**PROMPT**
Your answer must be only the lines below from the one containing "Contenu : 1" through the one containing "2017年至2020年1-6", copied exactly, with the pictures left out.

**DATA FOR REVIEW**
- - -

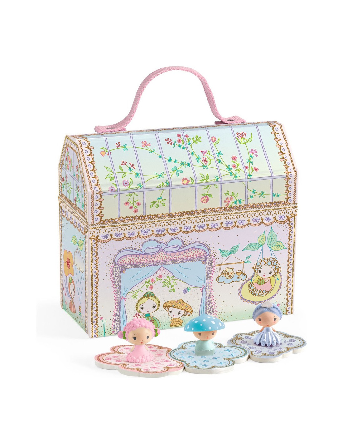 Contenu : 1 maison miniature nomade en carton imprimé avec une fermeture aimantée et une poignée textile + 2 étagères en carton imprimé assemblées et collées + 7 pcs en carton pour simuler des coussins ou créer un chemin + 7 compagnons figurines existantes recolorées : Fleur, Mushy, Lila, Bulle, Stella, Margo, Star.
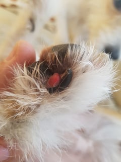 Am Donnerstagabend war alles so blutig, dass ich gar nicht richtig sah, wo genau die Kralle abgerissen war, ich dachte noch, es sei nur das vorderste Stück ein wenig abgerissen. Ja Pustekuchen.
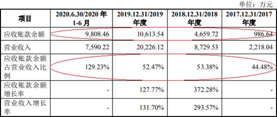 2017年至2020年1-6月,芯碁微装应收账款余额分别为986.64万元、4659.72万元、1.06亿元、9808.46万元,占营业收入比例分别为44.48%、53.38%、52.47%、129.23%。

- - -

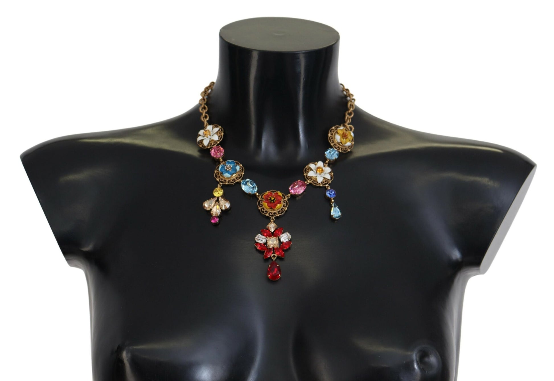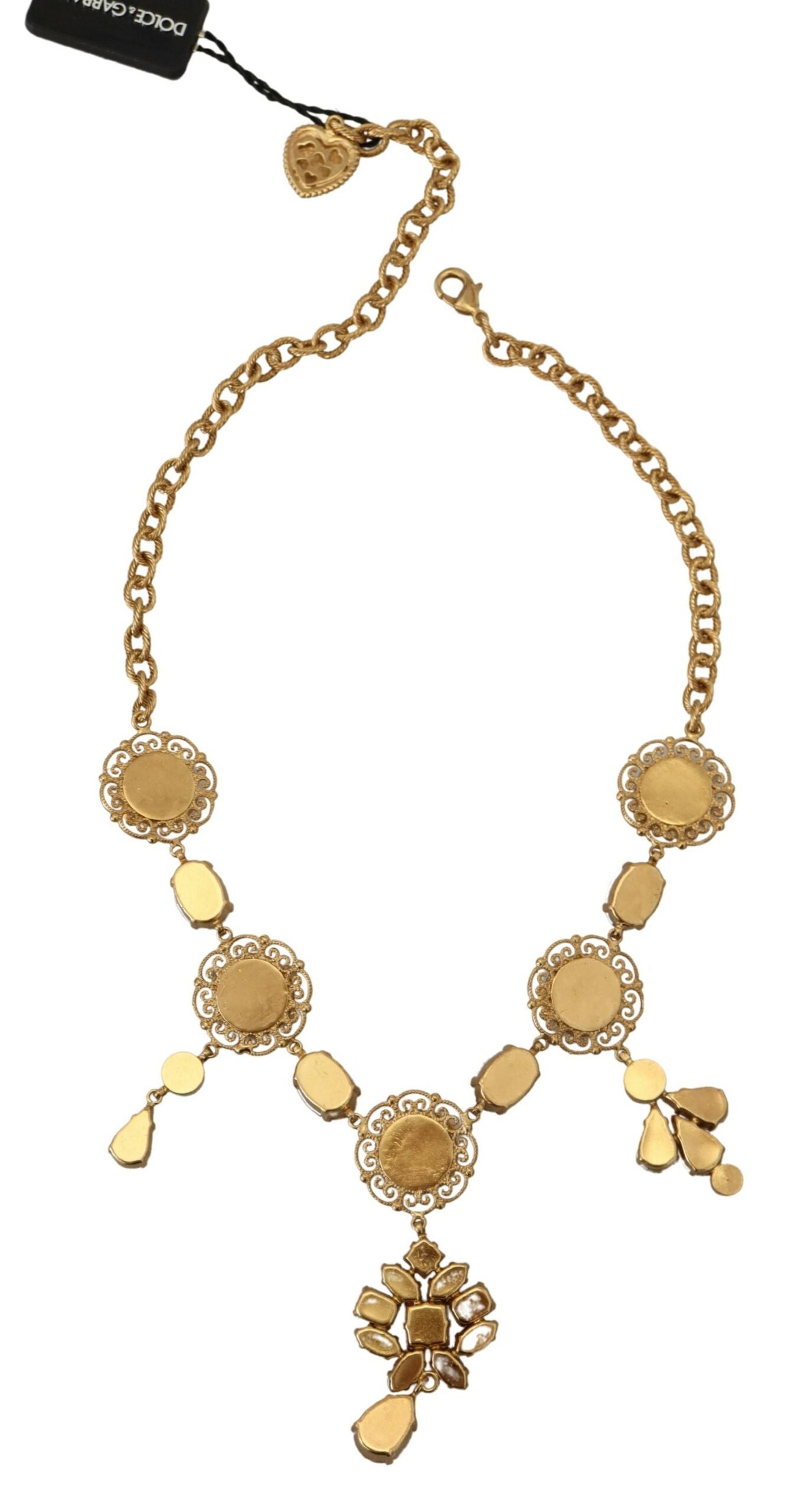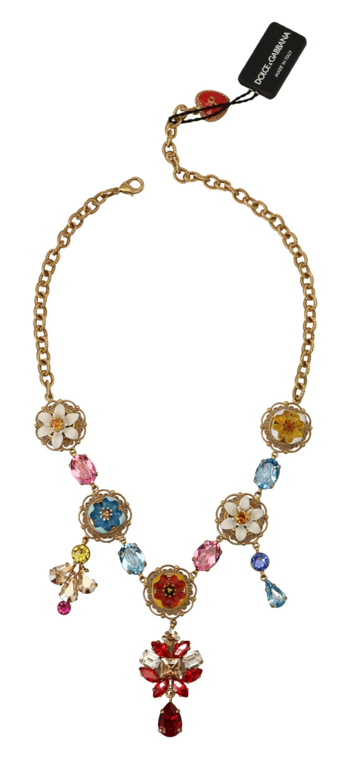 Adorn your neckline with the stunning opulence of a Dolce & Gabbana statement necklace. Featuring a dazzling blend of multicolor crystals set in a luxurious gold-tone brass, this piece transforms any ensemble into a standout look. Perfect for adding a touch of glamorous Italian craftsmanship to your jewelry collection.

- - -

**EXERCISE SOLUTION**
 Contenu : 1 maison miniature nomade en carton imprimé avec une fermeture aimantée et une poignée textile + 2 étagères en carton imprimé assemblées et collées + 7 pcs en carton pour simuler des coussins ou créer un chemin + 7 compagnons figurines existantes recolorées : Fleur, Mushy, Lila, Bulle, Stella, Margo, Star.
 Am Donnerstagabend war alles so blutig, dass ich gar nicht richtig sah, wo genau die Kralle abgerissen war, ich dachte noch, es sei nur das vorderste Stück ein wenig abgerissen. Ja Pustekuchen.
 2017年至2020年1-6月,芯碁微装应收账款余额分别为986.64万元、4659.72万元、1.06亿元、9808.46万元,占营业收入比例分别为44.48%、53.38%、52.47%、129.23%。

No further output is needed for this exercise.